A new contract could help avoid such incidents. But even the most pitch-perfect vision statement will not dramatically boost Republicans' vote on Election Day. Voters vote prospectively. Tossing the bums out has long proven enough of a prospect.
Yet one question is going to keep coming at Republicans, "Well, what would you do about it?" A new contract provides a ready response. It's ammunition in debates. It will also, if done well, paint the picture of how the new GOP differs from the old. The original contract was, if anything, effective for its message of accountability.

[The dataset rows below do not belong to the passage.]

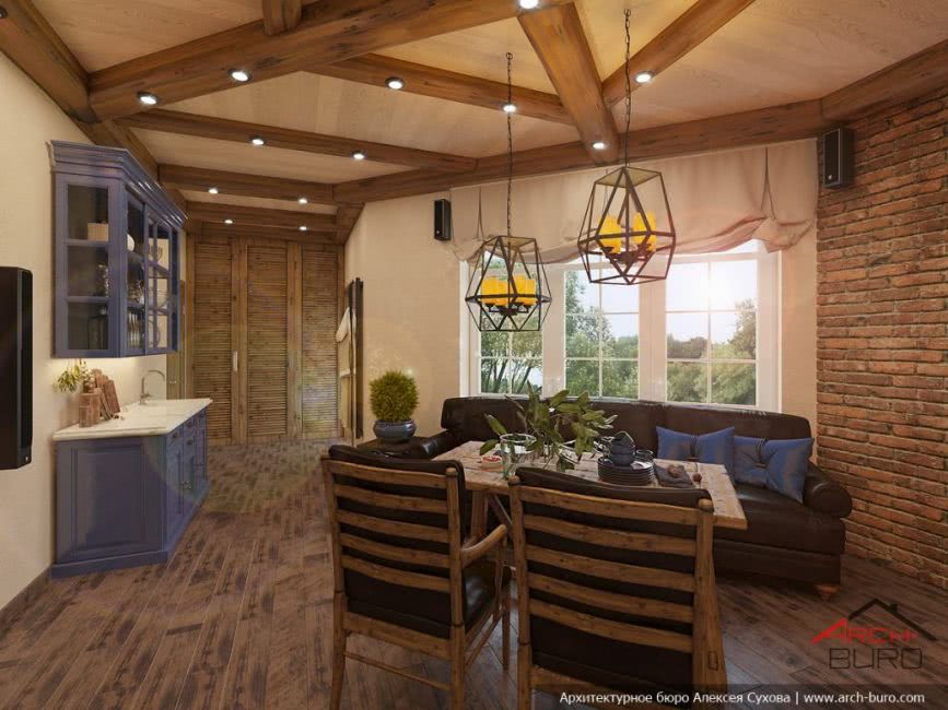 Необязательно при оформлении ограничиваться каким-то конкретным стилем. Многие из них хорошо сочетаются между собой. Но создавая проект бани, следует заранее и задуматься о том, чем она будет наполнена. Тогда уже и выстроится представление о том, какой лучше стиль использовать и какими элементами декора дополнить помещение.
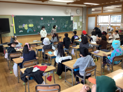 4年生は、朝からとても楽しみにしていた「ハロウィンパーティー」です。仮装をしている人もいます。伝言ゲームや魔女ゲームなどをして楽しんでいました。
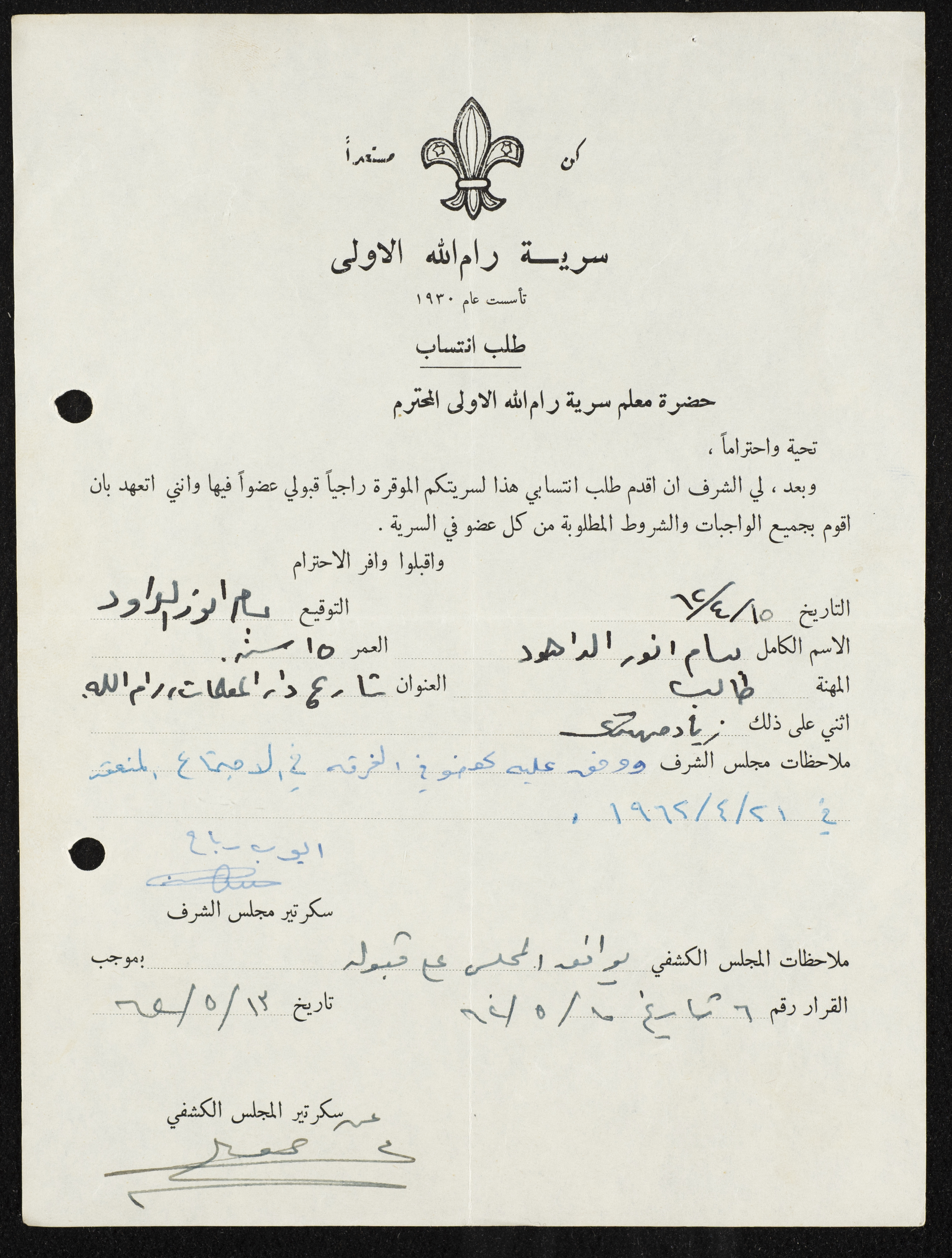 وثيقة مطبوعة باللغة العربية، تتضمن طلب انتساب مقدم من بام انور الداهود الى سرية رام الله ليصبح عضوا فيها ويتعهد في قيام جميع الاعمال والواجبات والشروط المطلوبة عام 1962
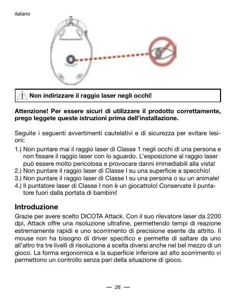 Grazie per averre scelto DICOTA Attack. Con il suo rilevatore laser da 2200 dpi, Attack offre una risoluzione ultrafine, permettendo tempi di reazione estreammente rapidi e uno scorrimento di precisione esente da attrito. Il mouse non ha bisogno di driver specifico e permette di saltare da uno all'alto tra tre livelli di resoluzione a scelta diversi却又 nel bel mezzo di un gioco. La forma ergonomica e la superficie inferiore ad alto scorrimento vi permettono un controllo sansa parla della situazione di gioco.
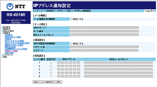 本商品にVPN接続する通信機器端末宛にVPNの接続先情報として本商品のIPアドレスを電子メールで通知する機能です。
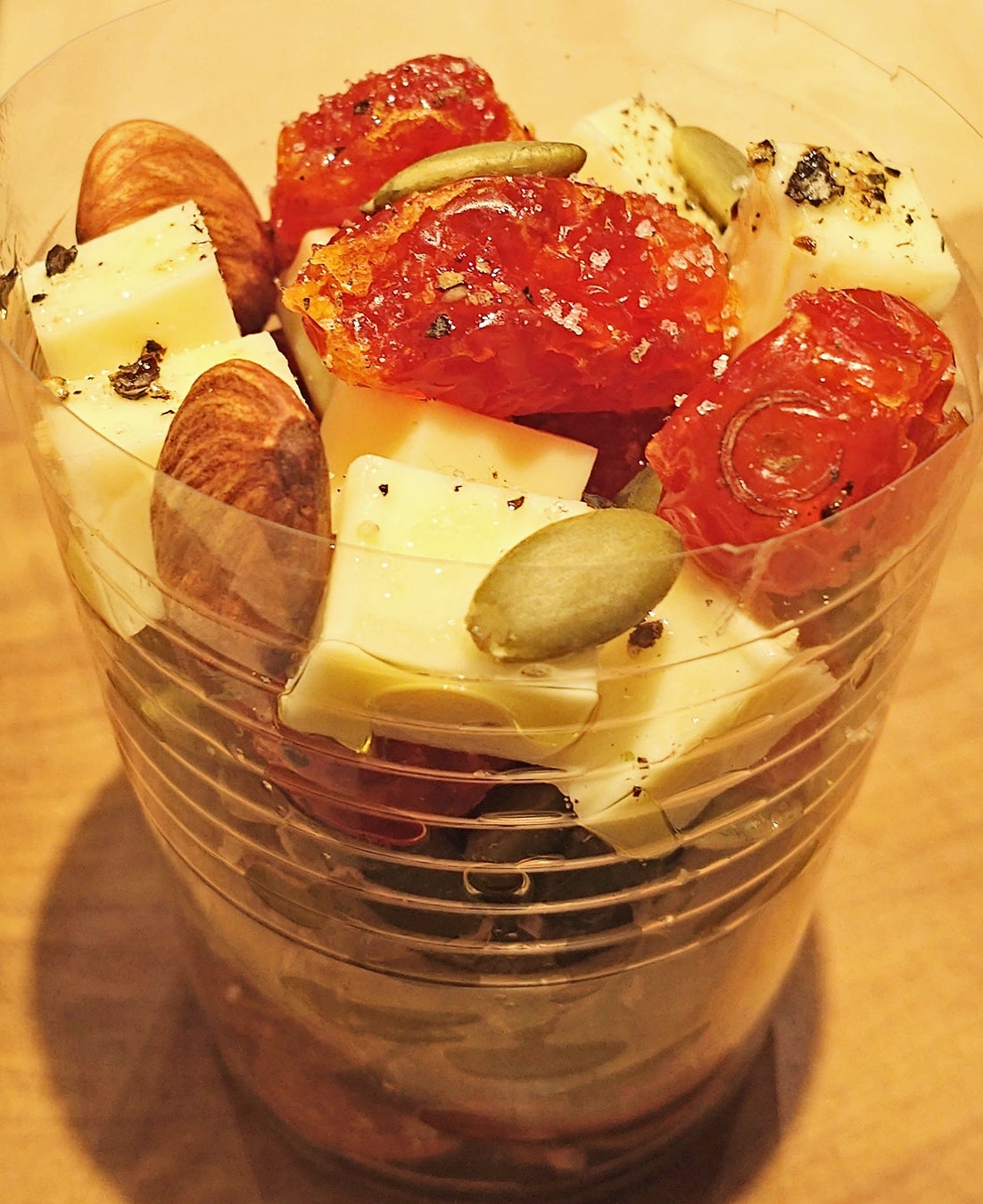 ドライフルーツのトマト、アーモンド、パンプキンシード、チーズに塩胡椒。シャカシャカ振って召し上がれ!
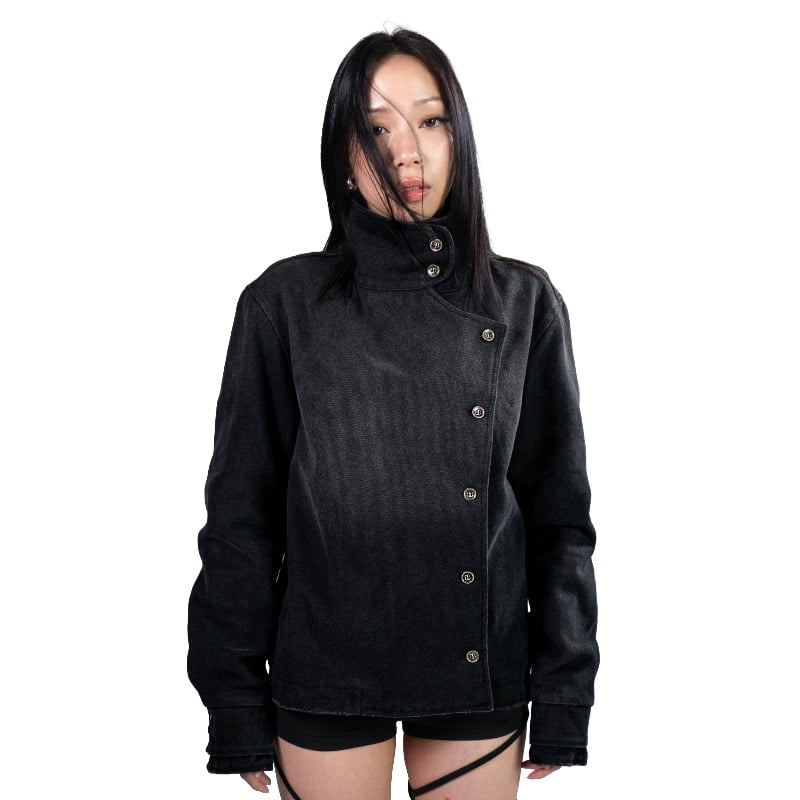 Y2k American Fencing Jacket Retro Washed Gradient Irregular Button Unisex Jacket Gothic Harajuku Str
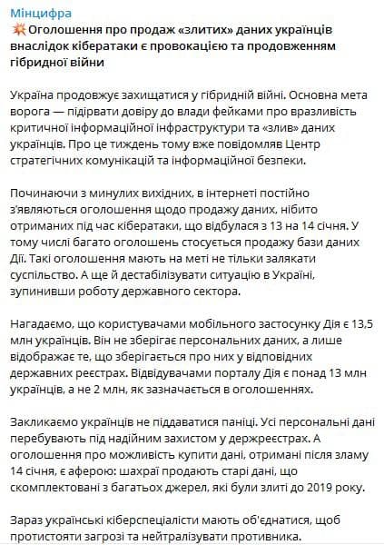 «Оголошення про можливість купити дані, отримані після зламу 14 січня, є аферою: шахраї продають старі дані, що скомплектовані з багатьох джерел, які були злиті до 2019 року», – заявили у міністерстві.
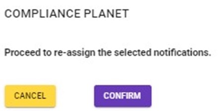 STEP 8: Clicking on “proceed to re-assign task” will display a console to confirm your selected action. See an example in Fig 6.3am below. To proceed, click on CONFIRM and to dismiss the operation, click on CANCEL.
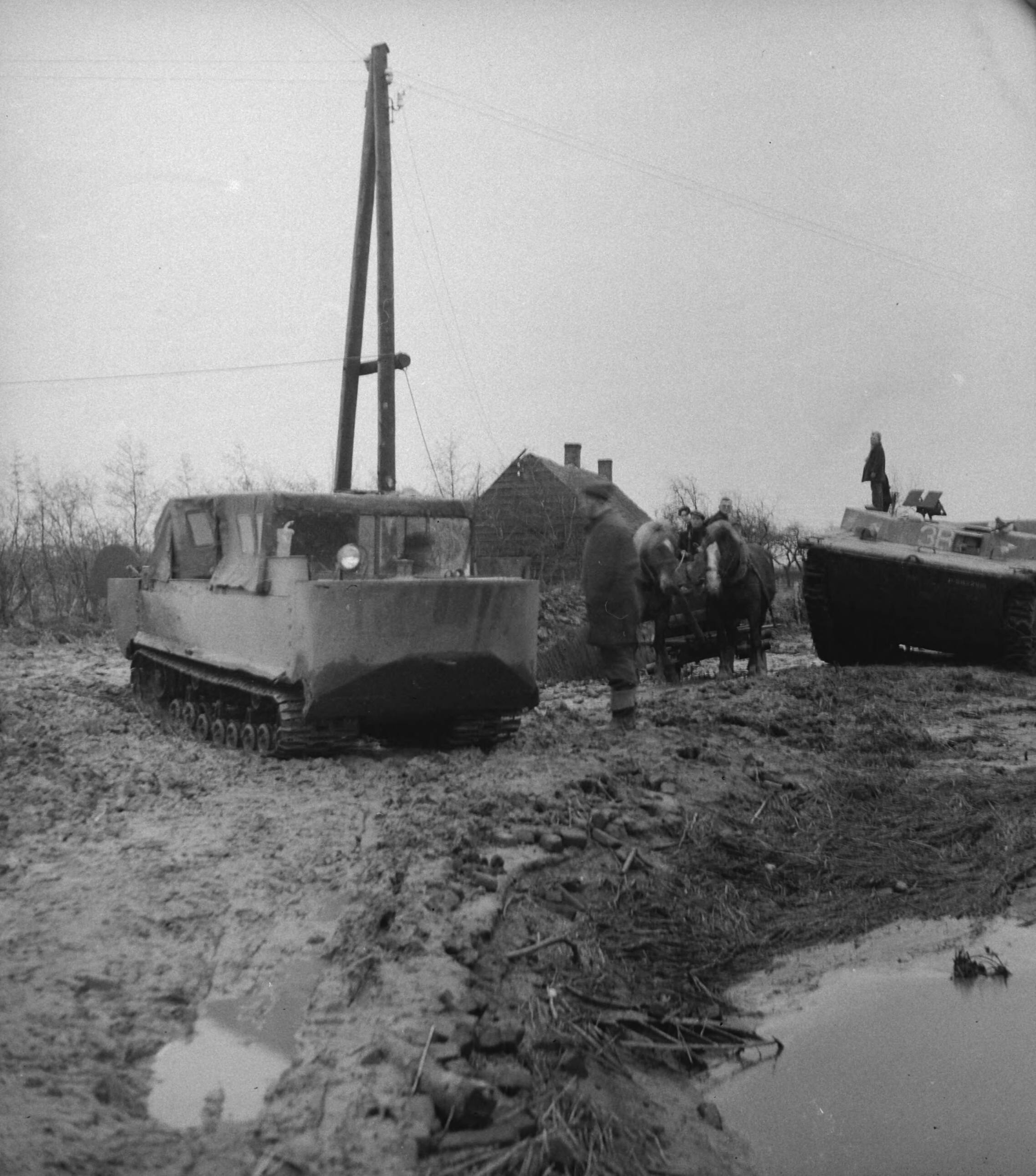 Prinses Irene Brigade in Nederland. een gestrand rupslandingsvoertuig
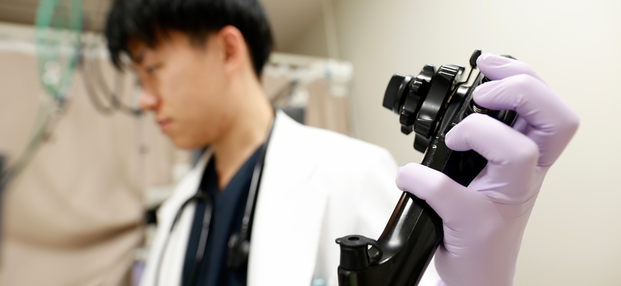 当院は北九州市の中核となる急性期病院であり、数多くの症例を経験できます。多くの患者さまが重篤な心疾患や脳疾患、慢性腎不全などを抱えているため、併発する急性期の消化器疾患に対する内視鏡治療に難渋したり、治療方針の決定に悩まされることに多々遭遇します。そのような中で要求される判断力、冷静かつ迅速な対応力は自然と身についていくものであり、問題を解決に導いた際の達成感は他の病院では味わえない経験であると実感しています。
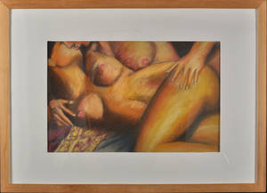 To erotiske kompositioner, akryl på lærred, Al Nawab Diyaa, f.1947, sign. Diyaa, 41x33 cm. (41x28) og 45x37 cm. (45x31)(2) (cd) Läs mer...
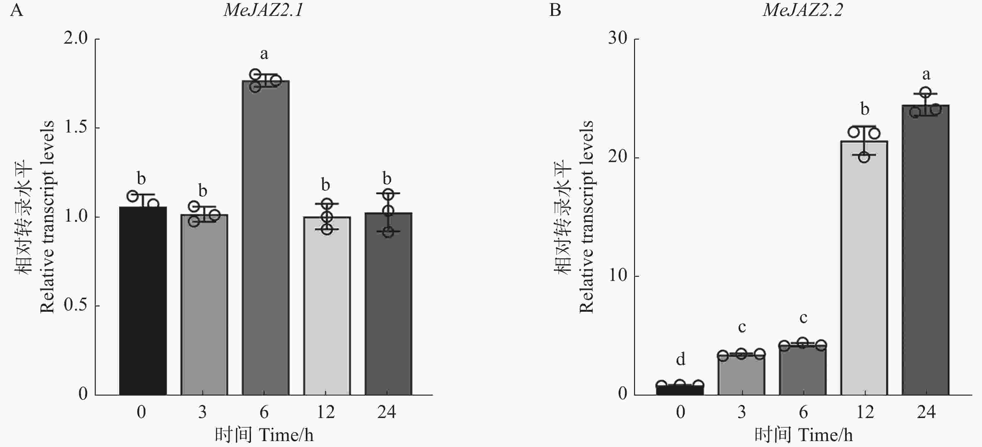 • 为探究MeJAZ2.1MeJAZ2.2在木薯盐胁迫过程中表达量变化。用200 mmol·L−1浓度氯化钠溶液处理样品根部,通过RT-qPCR技术进一步分析MeJAZ2.1MeJAZ2.2在盐胁迫下基因表达水平的变化。结果如图2所示,MeJAZ2.1在盐胁迫条件下其表达量除在6 h略有上调外,均稳定在1倍左右(图2-A)。MeJAZ2.2表达量在受胁迫后显著上调,处理12 h时上调了21倍,在24 h达到峰值,上调至24倍(图2-B)。上述结果表明,MeJAZ2.1MeJAZ2.2参与了对盐胁迫的响应。MeJAZ2.2表达量变化更为明显,选取其进行下一步研究。

Republicans also benefit merely by the chattering class chewing on that message. Political operatives call this "free media." The GOP's prospective message was discussed at 10,000 feet for weeks in 1994. It gave positive cover for Republicans to go negative in the trenches.
Yet it's still Democrats' accountability that is center stage. In April, Gallup reported that slightly more than a quarter of voters believed most members of Congress deserved reelection. That number never dropped below 40 percent in 1994 or 2006. This is tidal dismay.
And, contract or not, antagonism has long proven the most powerful of incentives for voters. As W.C. Fields once put it, "Hell, I never vote for anybody, I always vote against."